132. Property honoured
In a capitalo-socialist democracy “ property is theft ”, just as power is usurpation. It is very true : the liberal Revolution has transformed these two social functions, which form the basis and the rule for all civilised human order, into instruments for destabilising the French heritage and into ways whereby financial and political oligarchies can rob the country of its wealth. It is institutionalised violence. Liberal capitalism, by its abusive and intensive commercialisation of all wealth and by making monetary or commercial tokens prevail over real wealth, has forcibly destabilised every class in society, and the latter are looted and despoiled by inflation, speculation and monetary agitation in exact proportion to their stability and entrenchment, their steadiness and honesty. Socialism completes this ruin by arrogating to itself the exorbitant function of a great avenger, charged with the redistribution of wealth by transferring the property of private persons to the State and from the State to its own favourites, judging itself to be the principal beneficiary.
1. Ecological science posits as a principle that property is an element of the natural freedom of families and one of the bases of order, vitality and stability for any society. All property is recognised as legitimate once it is inherited or acquired in accordance with custom and law, whether it be the capital accumulated by families or the fruits of an honest income, of savings, work, services rendered, an exchange or a normal gift, the intention and use of which is not for society to discuss.
No a priori principle, whether egalitarian or libertarian can challenge this appropriation and peaceful possession of property by families. To claim the contrary to the advantage of the State or of the collectivity in the name of a “ social mortgage ” – as socialists do – or of a universal law, would be tantamount to disturbing the ecological order.
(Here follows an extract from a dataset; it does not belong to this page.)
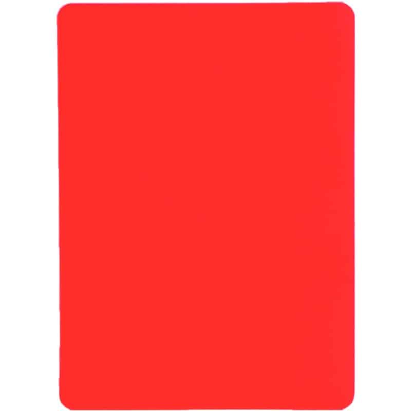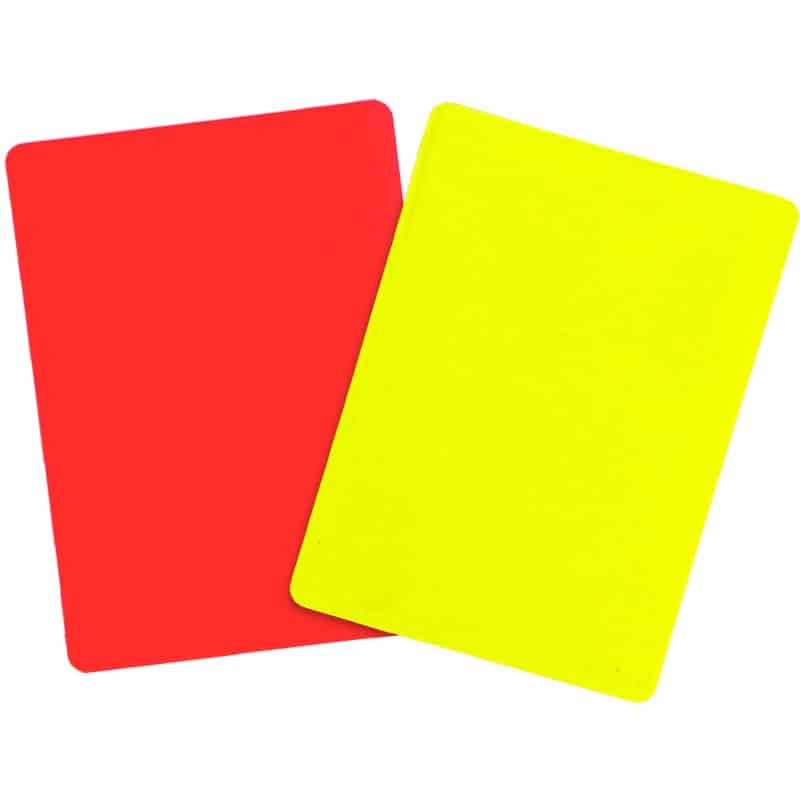 Kestävästä materiaalista valmistetut tuomarin kortit – keltainen ja punainen. Kirkaat ja selkeät värit pitkäikäiseen käyttöön.
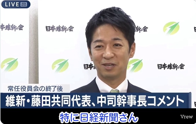 ハッキリ言って、時事通信の大間違いの記事です。維新幹部って誰?相手の名誉のためにも言いますが、ここの部分の記載は「全部」間違いです。

2. This right to private property, however, cannot be the absolute and individualist right of the liberal bourgeois who brought about the Revolution of 1789. The necessity of living in society implies that this right to free possession and disposal is adjusted and therefore limited and relativised by every communitarian convention and mutual agreement, establishing the balance of social relations. Such in former times were the various controls regulating family, feudal or common goods. It is because this counterbalance no longer existed, that property – especially industrial and commercial property – acquired such a savage character in the 19th century.
Nevertheless – and here we have a second limitation naturally encountered by property, this time by virtue of the higher common good – the State, or more precisely the sovereign authority, in its capacity as recognised defender of the nation, and because it assures the peaceful possession of all property, has certain royal rights over property that justify the duties and services it is entitled to demand : taxes on property, compulsory purchase if need be, etc.